Alaska energy plans spark debate

Aug. 14, 2012 at 9:07 AM

ANCHORAGE, Alaska, Aug. 14 (UPI) -- Conservationists in the United States said energy plans for Alaska show balance, while an industry trade group said it was the wrong economic decision.

U.S. Interior Secretary Ken Salazar announced plans for new drilling in about half of the National Petroleum Reserve in Alaska. The plan would open 11.8 million acres for leasing, providing access to the estimated 549 million barrels of oil and 8.7 trillion cubic feet of natural gas in the region.

Salazar, during a news conference, said the plan strikes balance between oil and gas development needs and environmental protection.

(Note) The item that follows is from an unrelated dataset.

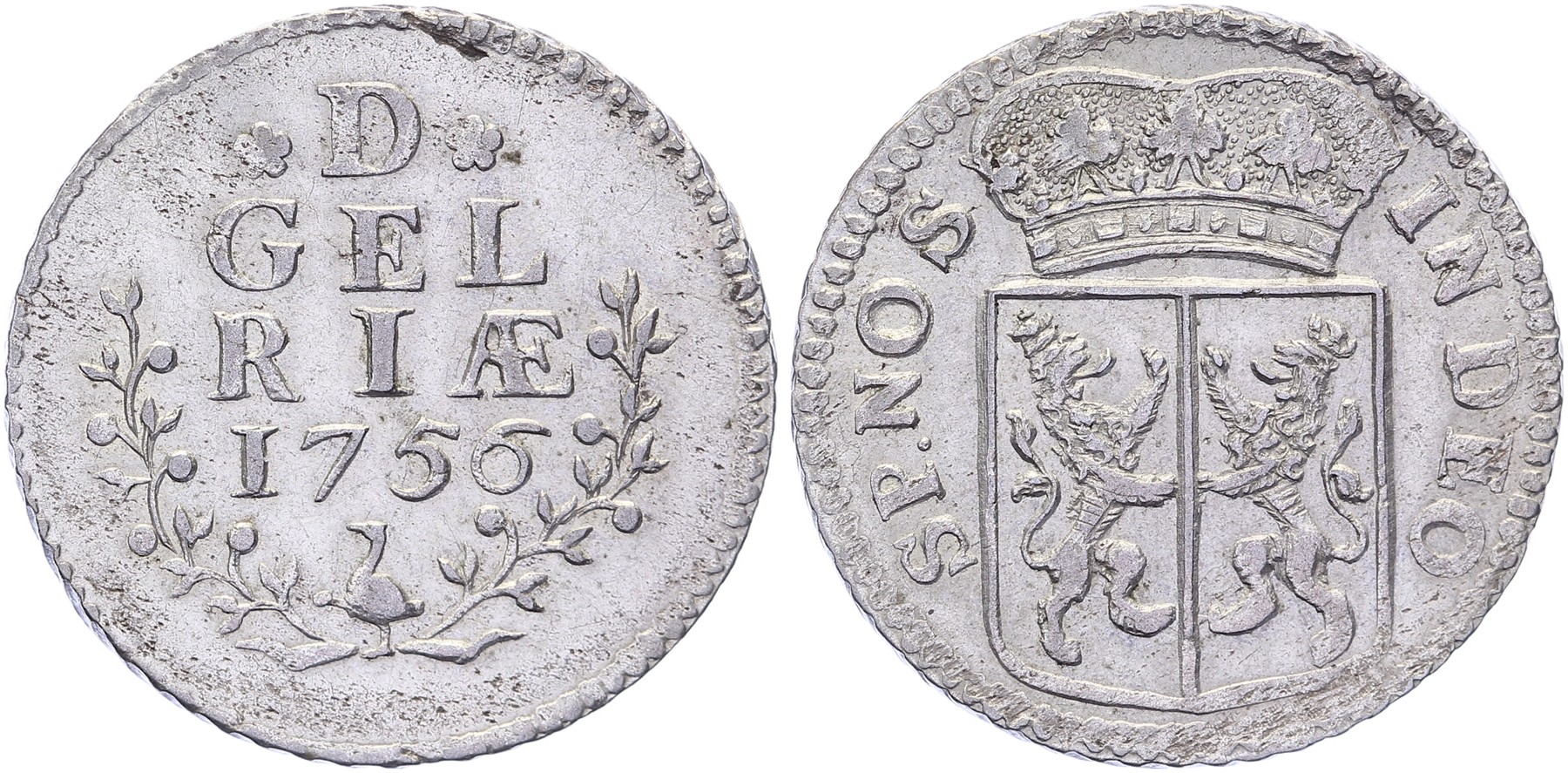 Duit 1756. Afslag in zilver van 3,57 gram. PW 1015; CNM 2.17.193. Zeldzaam! Prachtig.

"To harness the oil and gas potential of the NPR-A, we need a plan that will help the industry bring energy safely to market from this remote location, while also protecting wildlife and subsistence rights of Alaska Natives," he said.

National Audubon Society President David Yarnold welcomed Salazar's plans as a "great victory for birds, wildlife and common sense."

Erik Milito, upstream director for the American Petroleum Institute, was quoted by The Washington Post as saying Salazar's plan "continues to leave domestic energy resources, jobs and government revenue off the table."

NPR-A was established in 1923 to ensure the U.S. military had enough energy as it moved from coal-fired power.